On a sad note, an estimated 200 people are killed each year in parking lots, both pedestrians and drivers. Unfortunately, a large number of these are pedestrians… and children. According to the National Highway Traffic Safety Administration, 22% of children between the ages of 5 and 9 who are killed in traffic crashes are pedestrians. Most deaths occurred because a driver was backing up without looking. In total, about 5,000 injuries in the year 2007 were due to parking lot accidents.
What Can We Do to Prevent These Accidents?
When drivers enter a parking lot, especially in Southern California, they tend to “lock in” to any open space they can find, and ignore other things—including pedestrians. Plus, when a driver is backing out of a space, he has a lot of blind spots. Crowded conditions make things worse, and so does distraction. Take a breath, pause, take another look around, and follow these guidelines:
- Obey all posted signs in the parking lot.
- Take note of pedestrian paths as you enter and exit.
- Don’t park in a densely populated area, if you can help it—park closer to the exit.
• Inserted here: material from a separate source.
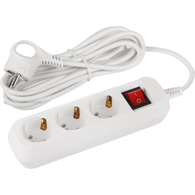 Удлинитель ЭРА UDL-10-350-ES Greenline, 3 розетки, с заземлением, с выключателем, 10А, 5м, белый

- Don’t travel over 15 miles per hour, unless you’re on a thoroughfare heading to the main road and have a clear path. When pedestrians are around you, go closer to 5 mph.
- At night, park in well-lit areas and use your headlights.
- Never use your cell phone while your car is still moving.
For pedestrians, it’s important to use marked walkways, travel in groups when you can, not dart out suddenly from parked cars, and avoid using a cell phone while walking. Though we can all take steps to stay safer, we can’t avoid all accidents, if just one driver is careless or negligent. But we can take steps afterward to get you back on the road to recovery.
Allen, Flatt, Ballidis & Leslie has helped many injured pedestrians in Orange County get the compensation they need after being struck by a car. Call (949) 752-7474 to talk to an OC pedestrian accident attorney today!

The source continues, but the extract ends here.